Problem to work on >>
Look through the lines below for the word "home", and copy every line that has it.

Extracted entries >>
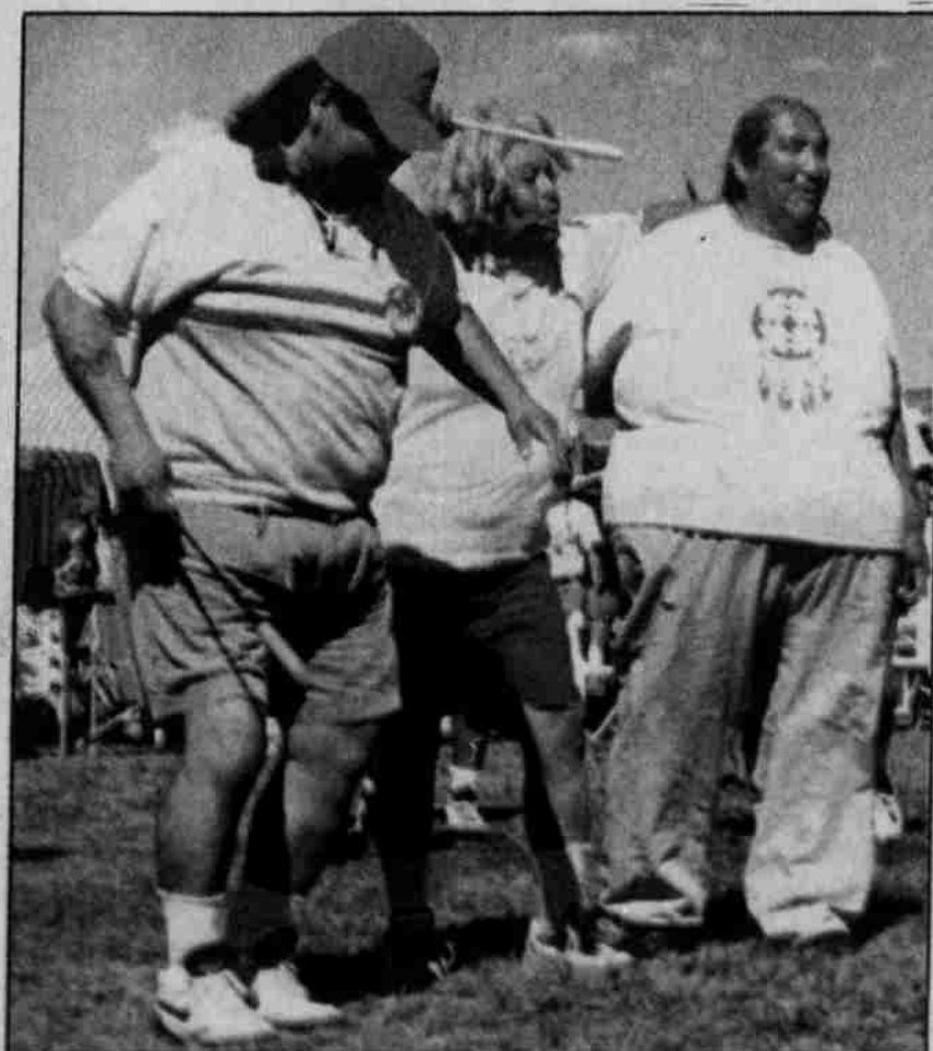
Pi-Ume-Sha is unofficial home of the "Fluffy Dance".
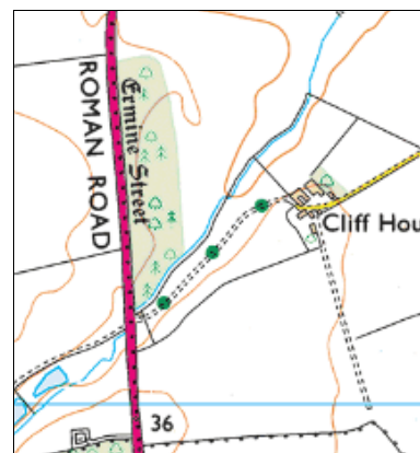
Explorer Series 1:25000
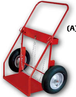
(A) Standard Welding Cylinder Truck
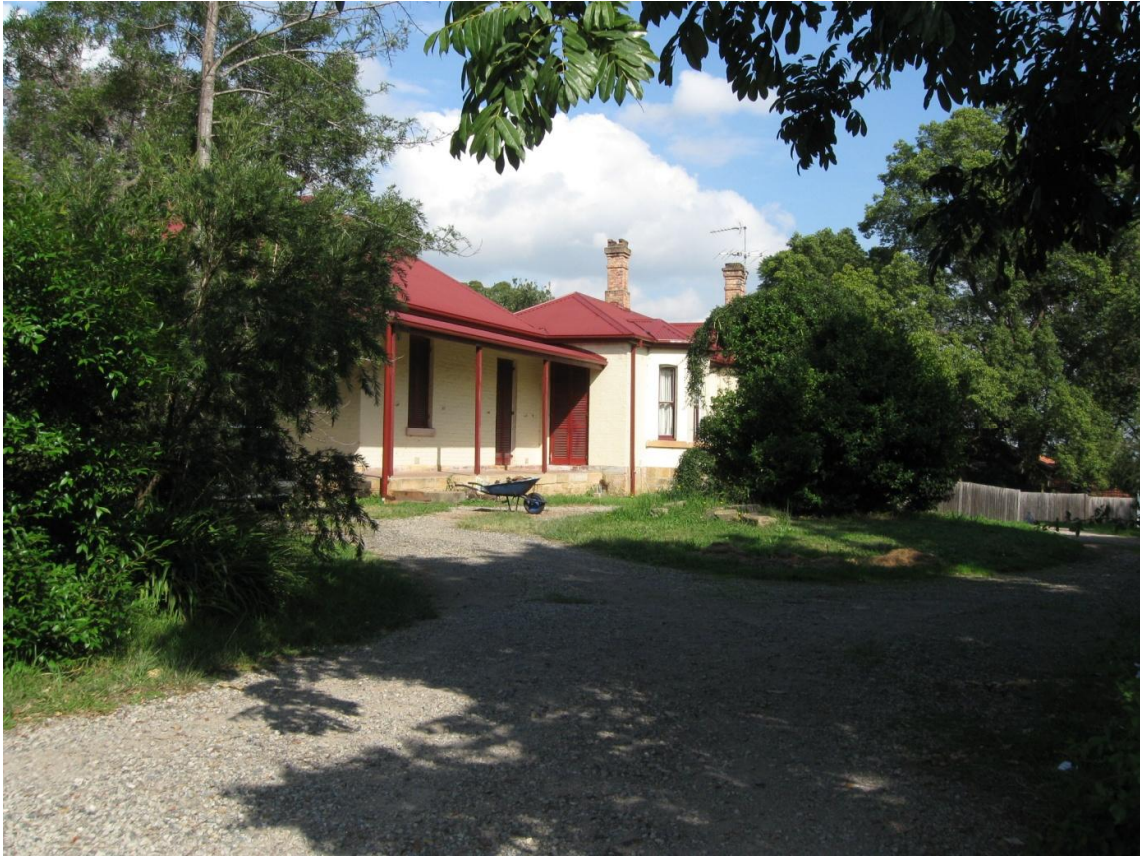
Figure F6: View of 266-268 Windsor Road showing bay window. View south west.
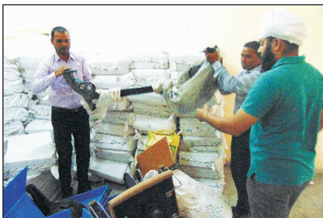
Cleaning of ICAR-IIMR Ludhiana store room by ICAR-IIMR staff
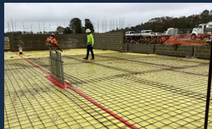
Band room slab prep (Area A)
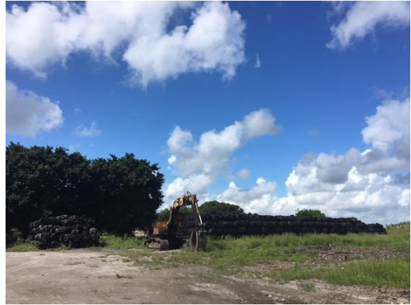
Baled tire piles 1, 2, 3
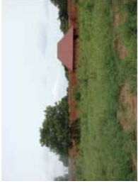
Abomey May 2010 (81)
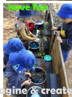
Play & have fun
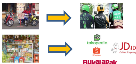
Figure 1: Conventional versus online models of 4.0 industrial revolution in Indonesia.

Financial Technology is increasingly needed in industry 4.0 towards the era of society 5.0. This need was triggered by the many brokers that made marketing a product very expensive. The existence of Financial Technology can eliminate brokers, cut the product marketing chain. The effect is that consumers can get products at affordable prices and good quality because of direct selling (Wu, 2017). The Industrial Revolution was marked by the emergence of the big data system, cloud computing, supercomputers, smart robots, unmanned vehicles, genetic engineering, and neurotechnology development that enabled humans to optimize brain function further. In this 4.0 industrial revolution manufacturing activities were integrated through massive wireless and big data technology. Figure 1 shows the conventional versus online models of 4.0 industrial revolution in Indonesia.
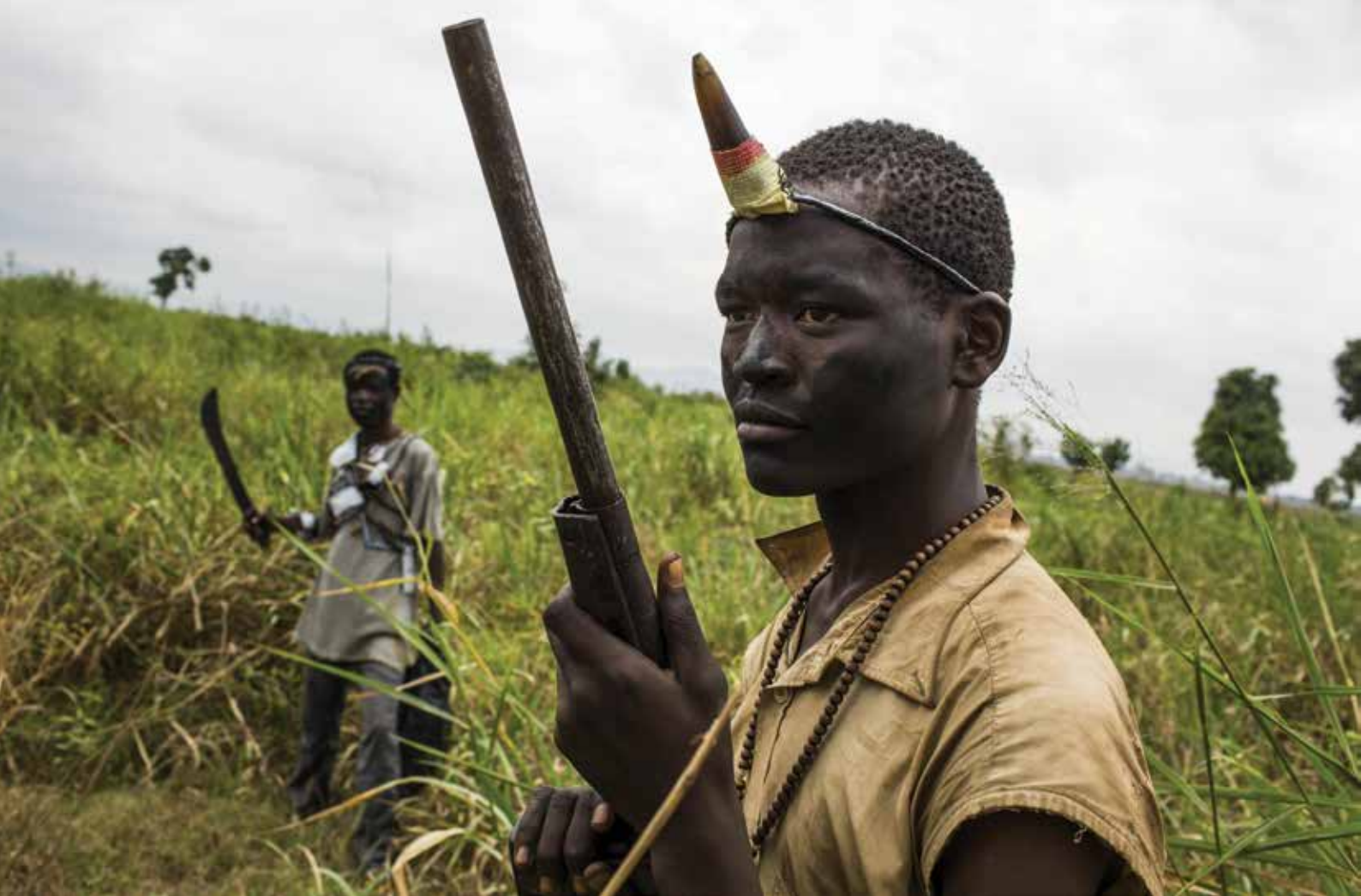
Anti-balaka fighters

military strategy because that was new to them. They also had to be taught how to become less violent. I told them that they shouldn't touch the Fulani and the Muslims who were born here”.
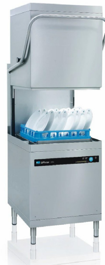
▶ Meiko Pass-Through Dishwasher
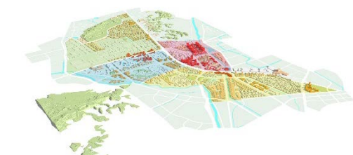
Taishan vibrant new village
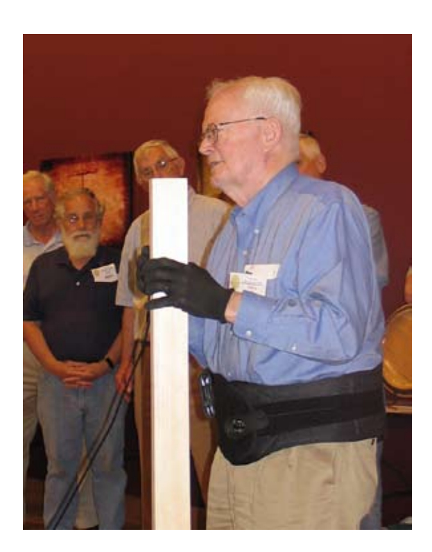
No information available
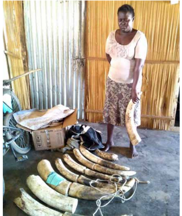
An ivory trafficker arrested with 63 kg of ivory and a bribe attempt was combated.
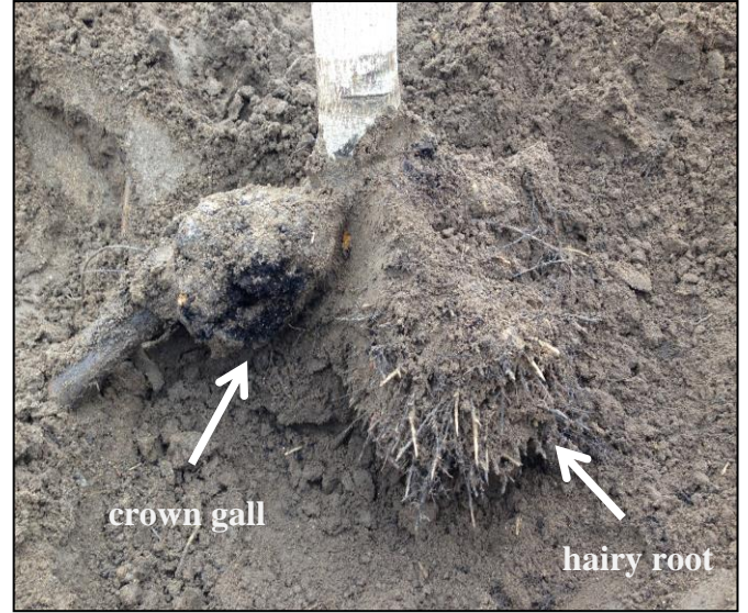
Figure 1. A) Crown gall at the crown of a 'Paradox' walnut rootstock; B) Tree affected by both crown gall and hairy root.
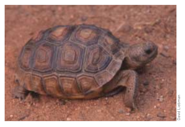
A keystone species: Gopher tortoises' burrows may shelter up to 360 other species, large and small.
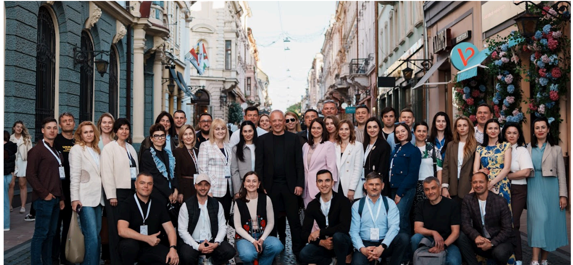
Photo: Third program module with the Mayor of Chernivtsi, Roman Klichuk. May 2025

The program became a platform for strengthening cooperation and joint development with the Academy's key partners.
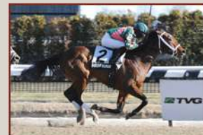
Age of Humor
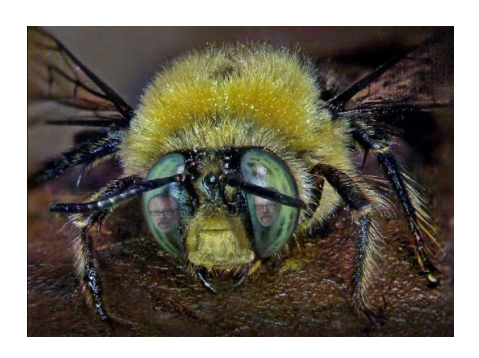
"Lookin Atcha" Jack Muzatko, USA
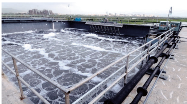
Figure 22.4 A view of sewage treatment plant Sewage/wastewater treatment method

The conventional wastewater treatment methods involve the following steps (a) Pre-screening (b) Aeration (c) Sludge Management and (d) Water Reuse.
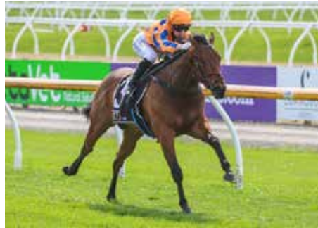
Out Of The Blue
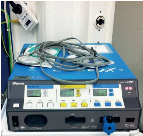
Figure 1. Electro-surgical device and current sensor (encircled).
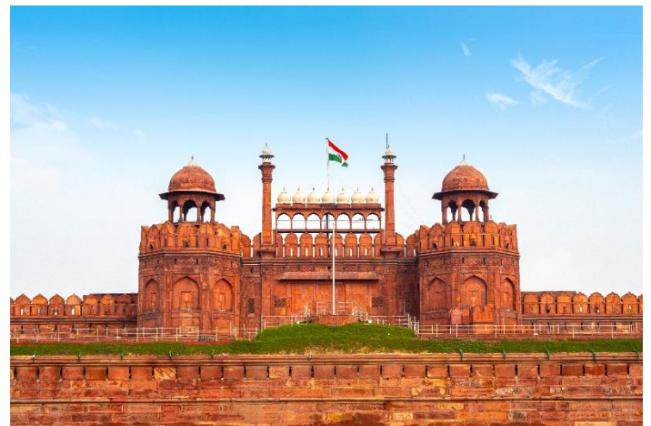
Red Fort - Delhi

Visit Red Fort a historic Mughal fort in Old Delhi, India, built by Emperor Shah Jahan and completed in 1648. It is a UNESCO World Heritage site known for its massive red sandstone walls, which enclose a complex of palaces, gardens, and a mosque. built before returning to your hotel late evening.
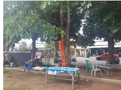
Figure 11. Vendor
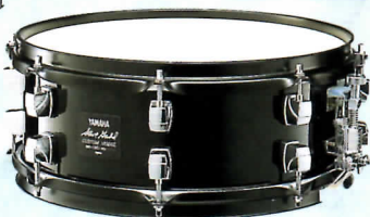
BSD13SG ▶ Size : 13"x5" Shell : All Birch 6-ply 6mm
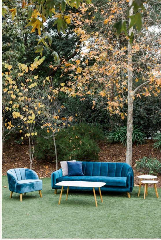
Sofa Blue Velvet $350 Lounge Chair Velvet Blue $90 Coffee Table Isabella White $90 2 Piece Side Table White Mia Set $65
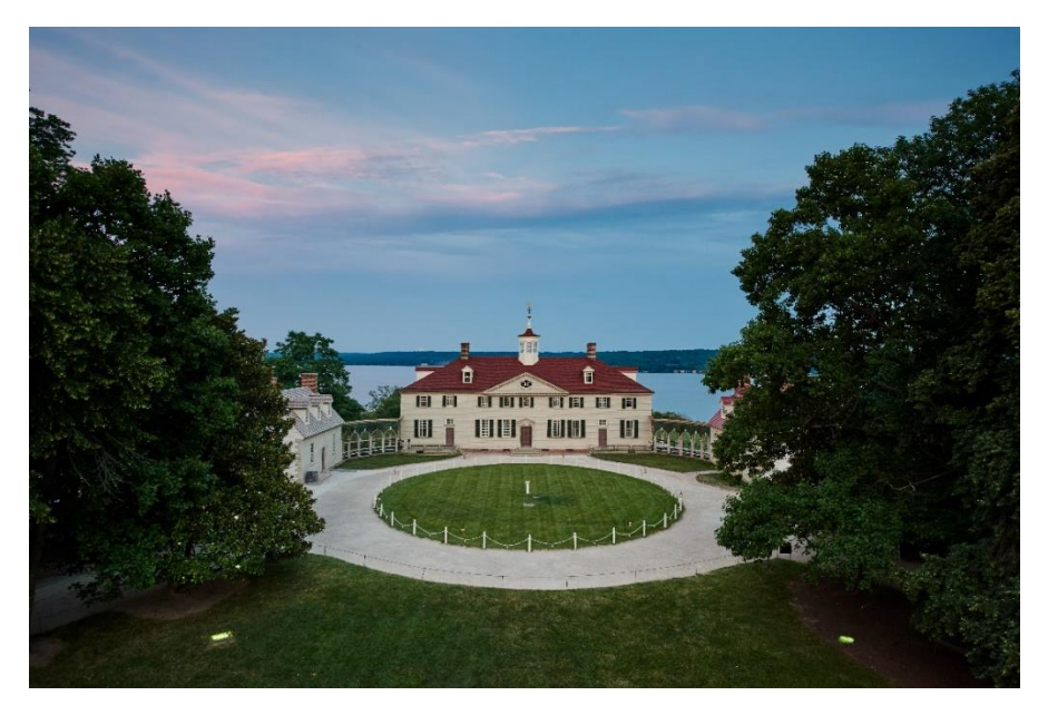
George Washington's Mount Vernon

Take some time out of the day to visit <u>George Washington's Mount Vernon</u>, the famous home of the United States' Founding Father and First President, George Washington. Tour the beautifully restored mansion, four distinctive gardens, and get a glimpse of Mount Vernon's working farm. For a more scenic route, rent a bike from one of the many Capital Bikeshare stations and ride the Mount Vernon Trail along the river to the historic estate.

Response to the task >>
Pi-Ume-Sha is unofficial home of the "Fluffy Dance".
Take some time out of the day to visit <u>George Washington's Mount Vernon</u>, the famous home of the United States' Founding Father and First President, George Washington. Tour the beautifully restored mansion, four distinctive gardens, and get a glimpse of Mount Vernon's working farm. For a more scenic route, rent a bike from one of the many Capital Bikeshare stations and ride the Mount Vernon Trail along the river to the historic estate.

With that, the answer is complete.